Extrait #1

Publié le 03 mai 2008 par Gaspard_w


Les êtres humains s’abîment facilement. La caméra aime la violence.
Je suis scotché au moniteur. Lumière bleue cathodique sur les murs de

la salle de montage, ambiance sèche, fumée de shit, vapeur d’alcool.
Fatigue et ennui. Une de mes mains dort, l’autre parcourt les touches du
clavier, variant la vitesse de défilement de l’image. Le type tombe, s’arrête,
revient sur ses pieds, retombe. Pas de son. Sa bouche s’ouvre en silence
sur le spectacle navrant de ses gencives fraîchement dégarnies. Son visage
file vers le sol. Je retarde l’impact. Quelques gouttes de sang volent en
apesanteur autour du comédien. La bande a quelques mois, niveau
de violence de sept sur l’échelle de ma perception personnelle. Depuis
c’est bien pire. Enfin son crâne rencontre le bitume. L’obturateur tourne
à pleine vitesse, ralenti hyper fluide, son corps tout entier s’anime sous
le choc. Son visage se brise et ses os s’emmêlent. Un voile tombe sur
ses yeux, fin du spectacle. Hors champs on dit « couper », on serre les
mains et on se félicite d’une aussi bonne prise. Au sol personne ne bouge.
J’éteins l’écran.
La nuit tarde à tomber, le soleil se cherche repoussant du même coup
le début des activités. On sort quand il fait noir. Ombre sur ombre, personne
ne nous voit. Tout à coup je flippe. Besoin de me remplir. Demi tour sur chaise
de bureau, Vincent est assis sur le sol, le dos contre le mur du fond. Visage
vide, yeux mi clos, impossible à première vue de savoir s’il est réveillé.
Mais moi je sais qu’il ne dort pas.
- Hé ? Il me faut une décharge là, je me sens moitié vide, va cueillir du speed.
Du speed, des taz, une pincée d’éphédrine, un peu de poussière de coke,
n’importe quelle chimie. L’organisme est relativement naïf, on peut facilement
lui faire croire que tout va bien. A partir du moment où on a les bons produits
ça marche. Sur un laps de temps limité, ça marche.
La caméra trône sur le bureau. Œil allumé, elle tourne face à la pièce, imprimant
le vide de l’obscurité sur la bande d’une cassette DV. L’éteindre ce serait
risquer de rater un plan. Sous le bureau des cartons, dans les cartons des
cassettes. A gauche les neuves, une centaine. A droite, les autres, imprimées,
exposées, remplies, des milliers de boîtes rouges, étiquetées, classées.

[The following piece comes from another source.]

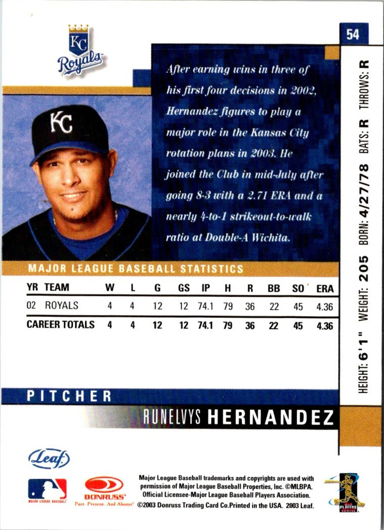 This 2003 Leaf Runelvys Hernandez #54 Kansas City Royals baseball card is a must-have for any Royals fan! It features an action shot of Hernandez on the mound, with a bright blue background to really make the photo pop. The card is in excellent condition, with crisp corners and no signs of wear. Hernandez was a key part of the Royals' pitching staff during his stint with the team. He was known for his intimidating fastball and sharp slider, and was a fan favorite. This card is the perfect way to commemorate Hernandez's time in Kansas City and makes a great addition to any baseball card collection.

Trois cent soixante quatre jours de vie en vidéo.
Cinq minutes passent et devant moi pas la queue d’un speed, pas l’ombre
d’une ligne. Mon alter ego patiente à l’arrière.

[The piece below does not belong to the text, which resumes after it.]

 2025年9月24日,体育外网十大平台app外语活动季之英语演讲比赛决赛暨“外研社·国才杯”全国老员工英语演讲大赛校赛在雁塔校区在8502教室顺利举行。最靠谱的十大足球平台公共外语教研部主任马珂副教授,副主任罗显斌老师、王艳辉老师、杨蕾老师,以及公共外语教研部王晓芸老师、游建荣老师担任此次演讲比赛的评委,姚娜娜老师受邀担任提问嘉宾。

- T’as pas entendu ce que je t’ai demandé ? Tu fournis plus ou tu t’inquiètes pour ma santé ?
Son dos craque alors qu’il se relève, son visage s’encastre dans un rayon
de lumière. Mon pote a l’air minable et crevé. Ses lèvres sont deux traits fins
tendus sur une peau grise, ses yeux éteints reposent sur d’épais cernes violacés.
Malgré tout il continue de porter ce regard hautain qui me donne si souvent envie
de lui faire jouer une scène.
- Tu veux un kit ?
- Ouais et une bouteille.
Vincent s’éloigne vers la porte et s’arrête sur le seuil.
- Bah alors va falloir te lever. Je suis pas d’humeur serviable.
Vincent disparaît dans le couloir. Je souris. L’insolence des faibles me touche.